# Instrumentation description



## Aramis (Mar 1, 2009)

Me asks a question.

First comes the quote:



> Maximum instrumentation: 3/3/3/3, 4/4/3/1


Ten comes the question:



> What does it mean?


*the numbers

If it's important, this concerns orchestral crew. Crew. *BLOOOOOD*


----------



## Petwhac (Jun 9, 2010)

It looks like maximum number of players for woodwind and brass.
3 of flutes, oboes, clarinets, bassoons.
4 horns, 4 trumpets, 3 trombones, 1 tuba.

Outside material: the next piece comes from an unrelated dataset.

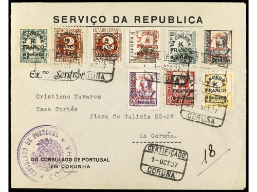 ESPAÑA E. LOCALES PATRIOTICAS: CORUÑA. Ed. 1/9. 1937. LA CORUÑA. Serie completa en carta, sin llegada.

That's a guess. No strings?
Pretty odd line up.


----------



## Aramis (Mar 1, 2009)

Thanks for answering.

That would make sense, except lack of the string. Maybe they are not mentioned because number of string players doesn't require any regulations ie. there is no purpose of extended forces in these sections?

Anyway. Here is full quote:



> The Maximum instrumentation is 3/3/3/3, 4/4/3/1, 1 Kettledrum, 3 Percussion, 1 Harp,
> 14/12/10/8/6 (woodwind instruments incl. additional instruments) - vocal forces are not allowed.


----------



## Aramis (Mar 1, 2009)

Uhm, I guess I see now - first numbers, like you said, stand for woodwinds and brass, then the percussive instruments and finally strings quintet.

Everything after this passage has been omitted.